Home , Haberler , Münih’te Yeni Bir Provokasyon!

Münih’te Yeni Bir Provokasyon!

13.02.2025’te sabah saatlerinde Münih’te, Verdi Sendikası’nın düzenlediği bir eylem sırasında gerçekleştirilen saldırıyı en sert şekilde kınıyor, yaralılara acil şifalar diliyoruz! Bir aracın göstericilerin arasına dalması, sadece bireysel bir saldırı değil, doğrudan işçileri, emekçileri ve onların hak mücadelesini hedef alan bilinçli bir provokasyondur. Bu olayın yalnızca belirli bir kesime değil, toplumsal birlikteliğe, işçilerin ortak mücadelesine yönelik bir saldırı olduğunu açıkça göstermektedir.

Bu tür provokasyonlar, toplumsal barışı ve demokratik hak arayışını zayıflatmaya yönelik, bir bütün olarak topluma karşı yapılmaktadır.
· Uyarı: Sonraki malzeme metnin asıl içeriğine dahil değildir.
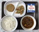 今日の献立は、ジャガイモのみそ汁、大豆のピリ辛炒め、はんぺん、ごはん、牛乳、でし...

Saldırının zamanlaması, oldukça dikkat çekicidir. Almanya’da 23 Şubat’ta gerçekleştirilecek seçimler öncesinde yaşanması, bu olayın yalnızca rastlantı olmadığını, aksine belli bir politik bağlamda, toplumsal huzursuzluk yaratma amacı güdülerek yapıldığını göstermektedir. Son dönemde, özellikle bazı siyasi partilerin ayrımcı ve ırkçı söylemleri, toplumda derin kutuplaşmalara yol açmış, bu da toplumun her kesimi üzerinde olumsuz etkiler yaratmıştır. Artan ırkçı söylemler ve politikalar, mülteciler ve göçmenler başta olmak üzere birçok topluluk üzerinde tehditler oluşturarak, nefretin ve şiddetin zeminini hazırlamaktadır. . Ancak unutmamalıyız ki, bu provokasyonlara gelmek yerine, toplumun huzurunu ve dayanışmasını güçlendirmek için daha güçlü bir antifaşist mücadele şarttır!
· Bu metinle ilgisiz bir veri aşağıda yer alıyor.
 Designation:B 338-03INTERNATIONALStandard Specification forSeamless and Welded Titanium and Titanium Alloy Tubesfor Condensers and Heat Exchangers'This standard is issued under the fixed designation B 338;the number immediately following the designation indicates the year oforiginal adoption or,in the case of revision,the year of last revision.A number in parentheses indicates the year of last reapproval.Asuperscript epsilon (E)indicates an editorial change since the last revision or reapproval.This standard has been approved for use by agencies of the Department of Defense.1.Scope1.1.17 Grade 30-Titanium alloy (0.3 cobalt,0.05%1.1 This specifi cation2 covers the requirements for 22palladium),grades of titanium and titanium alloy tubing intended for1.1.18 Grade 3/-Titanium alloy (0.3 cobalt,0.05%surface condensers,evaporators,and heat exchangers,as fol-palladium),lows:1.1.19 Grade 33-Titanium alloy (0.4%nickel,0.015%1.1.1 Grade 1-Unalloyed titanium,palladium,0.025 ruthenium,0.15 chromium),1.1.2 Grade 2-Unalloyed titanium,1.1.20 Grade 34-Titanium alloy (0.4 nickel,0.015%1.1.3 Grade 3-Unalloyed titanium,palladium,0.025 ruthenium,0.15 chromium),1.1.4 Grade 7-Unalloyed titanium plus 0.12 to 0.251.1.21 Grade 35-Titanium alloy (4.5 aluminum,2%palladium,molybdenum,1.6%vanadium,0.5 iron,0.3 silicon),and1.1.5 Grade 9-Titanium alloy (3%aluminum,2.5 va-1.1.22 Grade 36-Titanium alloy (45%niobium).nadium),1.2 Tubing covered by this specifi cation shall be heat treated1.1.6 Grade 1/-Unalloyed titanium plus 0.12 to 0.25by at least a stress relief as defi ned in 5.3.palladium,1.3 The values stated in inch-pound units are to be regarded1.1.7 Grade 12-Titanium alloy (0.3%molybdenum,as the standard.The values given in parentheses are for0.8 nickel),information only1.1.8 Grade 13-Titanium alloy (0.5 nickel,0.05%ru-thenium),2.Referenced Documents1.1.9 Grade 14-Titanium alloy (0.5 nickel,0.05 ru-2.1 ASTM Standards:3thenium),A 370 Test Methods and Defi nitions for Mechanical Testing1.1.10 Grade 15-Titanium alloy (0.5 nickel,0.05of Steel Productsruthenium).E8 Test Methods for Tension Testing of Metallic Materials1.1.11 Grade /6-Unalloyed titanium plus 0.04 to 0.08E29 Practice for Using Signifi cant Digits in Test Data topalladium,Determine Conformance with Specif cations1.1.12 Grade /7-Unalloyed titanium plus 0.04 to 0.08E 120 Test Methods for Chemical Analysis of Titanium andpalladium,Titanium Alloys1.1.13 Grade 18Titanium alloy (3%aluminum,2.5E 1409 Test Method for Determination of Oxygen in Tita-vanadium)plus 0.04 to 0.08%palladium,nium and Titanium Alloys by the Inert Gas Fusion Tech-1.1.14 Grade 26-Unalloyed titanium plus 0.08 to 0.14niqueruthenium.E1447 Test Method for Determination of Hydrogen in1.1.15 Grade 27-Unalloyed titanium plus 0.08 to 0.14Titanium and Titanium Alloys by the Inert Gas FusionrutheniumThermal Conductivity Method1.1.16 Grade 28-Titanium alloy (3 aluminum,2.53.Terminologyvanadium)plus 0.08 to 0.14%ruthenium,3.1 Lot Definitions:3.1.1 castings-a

Ayrıca, bu saldırının NATO Güvenlik Konferansı öncesinde gerçekleşmesi de kaygı vericidir. Bu konferans halkların güvenliğini sağlamak için değil, aksine yeni savaş stratejileri ve emperyalist politikalar belirlemek için düzenlenmektedir. Burada alınan kararlar, yine mazlum dünya halklarının üzerine bombaların yağdırılmasına, yeni işgallerin ve sömürü politikalarının zeminine dönüşecektir. Bu bağlamda önümüzdeki günlerde gerçekleştirilecek eylemler kritik bir önem taşıyor. Savaş makinası NATO’ya karşı 15.02.2025 ‘te Münih’te gerçekleştirilecek ‘ANTI SIKO’ yürüyüşüne güçlü bir şekilde katılmamız oldukça önemlidir.

Faşist saldırılar ve emperyalist savaş politikaları birbirinden bağımsız değerlendirilemez.Bu tür provokasyonlara karşı en güçlü yanıtımız, birleşik bir halk hareketi oluşturarak, dayanışmayı güçlendirmek ve demokratik değerlerimize sahip çıkmaktır. Anti-faşist ve anti-emperyalist bir duruş sergileyerek, Almanya’da gelişen iç faşistleşmeye karşı yüksek sesle karşı durmalıyız!

Yaşasın faşizme karşı birleşik mücadelemiz!